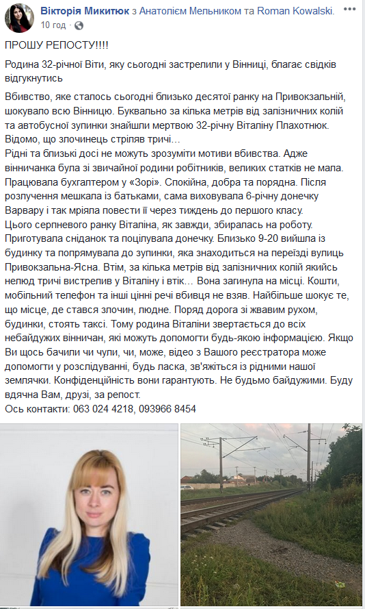 Больше всего шокирует то, что место, где произошло преступление, людное. Ряядом дорога с оживленным движением, дома, стоянка такси. Поэтому семья Виталины обращается ко всем неравнодушным винничанам, которые могут помочь любой информацией. Если вы что-то видели или слышали, или видео с регистратора есть - все это может помочь в расследовании, пожалуйста, свяжитесь с родными нашей землячки. Конфиденциальность они гарантируют. Вот контакты: 063 024 42 18, 093 966 84 54", - написала Виктория Никитюк.
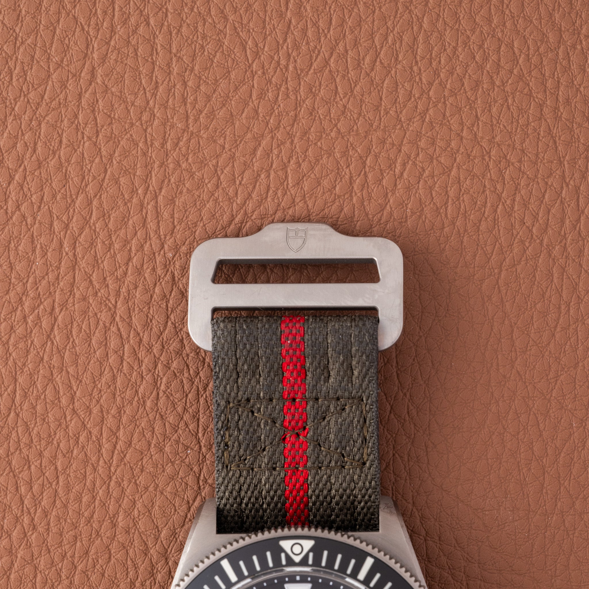 Bracelet: Original one-piece forest-green fabric strap with red center stripe
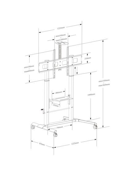 Techly ICA-TR230 multimedia cart/stand Black Flat panel
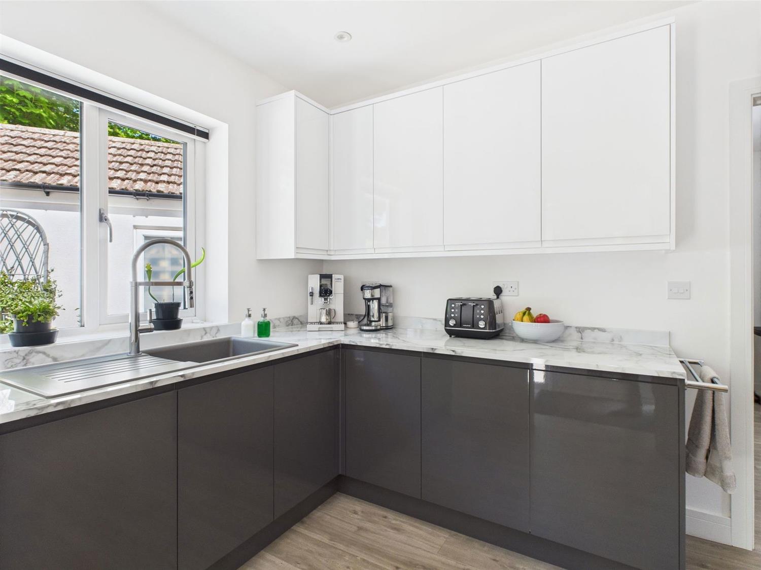 Side aspect. Two-tone range of base and wall mounted cupboards and drawers in white and grey high gloss finish, complementing marble effect worktop surfaces incorporating Lamona grey inset sink with drainer, chromium monobloc tap with flexi-hose, integrated Lamona dishwasher, radiator, downlighting.
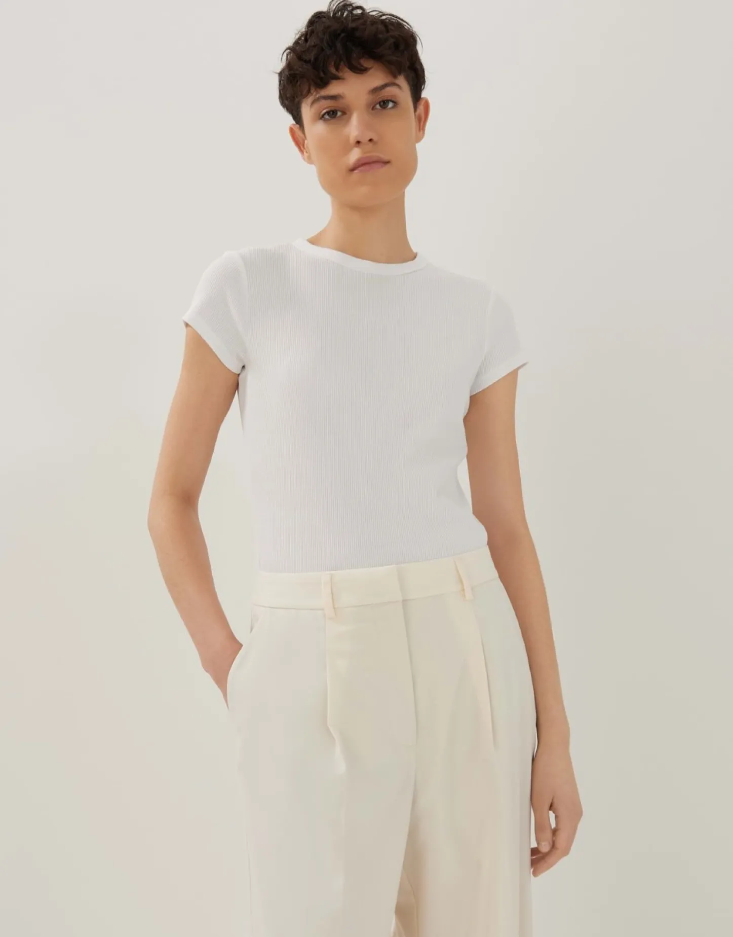 Het Shirt Van Bci-Katoenmix Overtuigt Met Een Eenvoudige Look En Fijne Ribboorden. De Aansluitende Vorm Zorgt Voor Een Vrouwelijke Look.
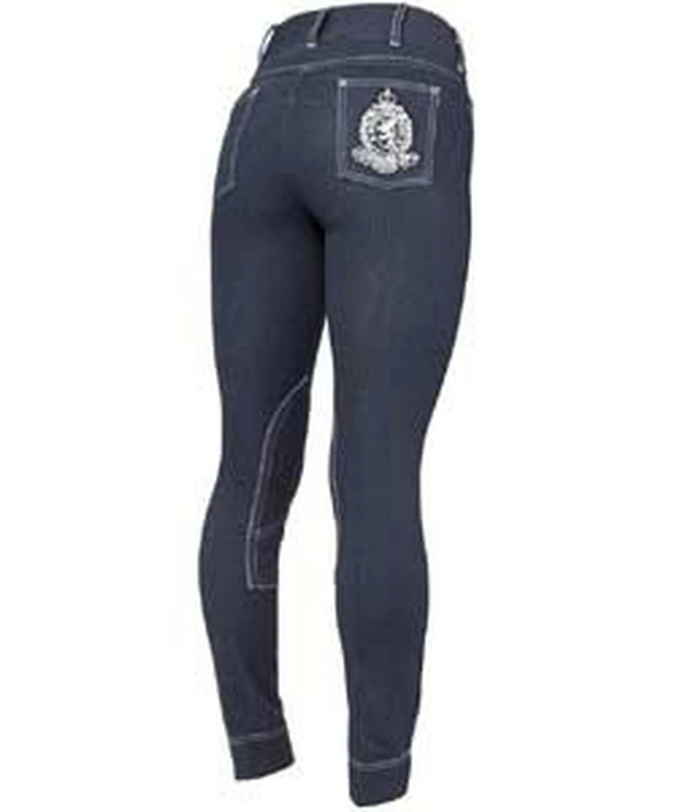 Shires Maids Embroidered Saddle Hugger Jodhpurs feature a Shires emblem on the back pocket. These distinctive jeans style Shires Jodhpurs are made from Creora stretch cotton fabric which gives an excellent flattering fit. Other features of these good value Shires Maids Embroided SaddleHugger Jodhpurs include self fabric knee patches, contrast stitching, pockets front and back in jeans style, rivets, belt loops and rear leg seams.
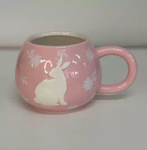 Caneca de cerâmica rosa, com relevo de coelho, com 10 altura x 17cm largura.
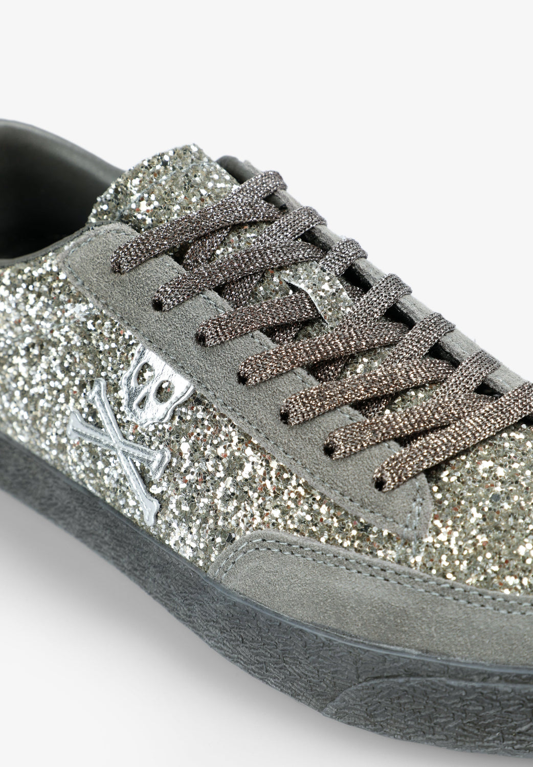 Sneakers confeccionadas en ante. Glitter. Calavera lateral bordada a contraste. Cierre con cordones. Talón a contraste con detalle de logo bordado a tono. Suela de caucho a contraste.

______________________________

Would you retype each line above exactly and skip every image?

 Больше всего шокирует то, что место, где произошло преступление, людное. Ряядом дорога с оживленным движением, дома, стоянка такси. Поэтому семья Виталины обращается ко всем неравнодушным винничанам, которые могут помочь любой информацией. Если вы что-то видели или слышали, или видео с регистратора есть - все это может помочь в расследовании, пожалуйста, свяжитесь с родными нашей землячки. Конфиденциальность они гарантируют. Вот контакты: 063 024 42 18, 093 966 84 54", - написала Виктория Никитюк.
 Bracelet: Original one-piece forest-green fabric strap with red center stripe
 Techly ICA-TR230 multimedia cart/stand Black Flat panel
 Side aspect. Two-tone range of base and wall mounted cupboards and drawers in white and grey high gloss finish, complementing marble effect worktop surfaces incorporating Lamona grey inset sink with drainer, chromium monobloc tap with flexi-hose, integrated Lamona dishwasher, radiator, downlighting.
 Het Shirt Van Bci-Katoenmix Overtuigt Met Een Eenvoudige Look En Fijne Ribboorden. De Aansluitende Vorm Zorgt Voor Een Vrouwelijke Look.
 Shires Maids Embroidered Saddle Hugger Jodhpurs feature a Shires emblem on the back pocket. These distinctive jeans style Shires Jodhpurs are made from Creora stretch cotton fabric which gives an excellent flattering fit. Other features of these good value Shires Maids Embroided SaddleHugger Jodhpurs include self fabric knee patches, contrast stitching, pockets front and back in jeans style, rivets, belt loops and rear leg seams.
 Caneca de cerâmica rosa, com relevo de coelho, com 10 altura x 17cm largura.
 Sneakers confeccionadas en ante. Glitter. Calavera lateral bordada a contraste. Cierre con cordones. Talón a contraste con detalle de logo bordado a tono. Suela de caucho a contraste.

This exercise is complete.